When considering the patient population irrespective of age, the rectum (43.81%) and ascending colon (14.85%) emerged as the most common locations for malignant neoplasms. These were followed by the rectosigmoid junction (9.41%), transverse colon (9.16%), hepatic flexure (7.05%), splenic flexure (6.06%), descending colon (5.94%), and cecum (3.71%) (Figure 2).
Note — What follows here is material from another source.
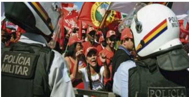
Miembros del Movimiento Sin Tierra protestando frente a la Policía

así como grandes concesiones de tierra e incentivos para la minería depredadora. Por lo tanto, el derecho a la tierra, así como el financiamiento agrícola para las comunidades organizadas en quilombos afrodescendientes, los pequeños productores de la economía familiar y los sin tierra, está cada vez menos asegurado en la política del actual gobierno federal brasileño elegido desde octubre de 2018, así como el respeto por el medio ambiente. : El medio ambiente debido a los incendios en zonas forestales y grandes biomas naturales para fines de ganado y grandes plantaciones también está en riesgo y en este sentido nuestra acción como Banco Panafricano de Desarrollo ECO 6 es esencial en asociación con otras asociaciones de la sociedad civil para garantizar el derecho a la financiación agrícola para quilombos y sin tierra. No podemos descuidar esta lucha que pertenece a todos, así como el caso de la lucha antirracista.

3.2. Body Mass Index Analysis

The study also analyzed the BMI across the three age groups. Patients were categorized based on their BMI into three groups: normal weight (NW: 18.5–24.9), overweight (OW: 25–29.9), and obese (OB: 30+). All obesity subgroups were combined into one larger group.
Significant differences were found in the BMI across the age groups, specifically in the normal weight (p = 0.022) and overweight (p = 0.015) categories. However, the obese category showed no statistically significant difference across the age groups (p = 0.16) (Table 2, Figure 3).

3.3. BMI and Cancer Stages

We further investigated the correlation between BMI categories and different stages of colorectal cancer (Stage 1 to Stage 4). A statistically significant association emerged between the BMI category and cancer stages for Stage 3 (p = 0.02) and Stage 4 (p = 0.002). In particular, Stage 3 cancer showed a higher proportion of obese patients, while Stage 4 cancer showed a higher proportion of normal weight patients (Table 3).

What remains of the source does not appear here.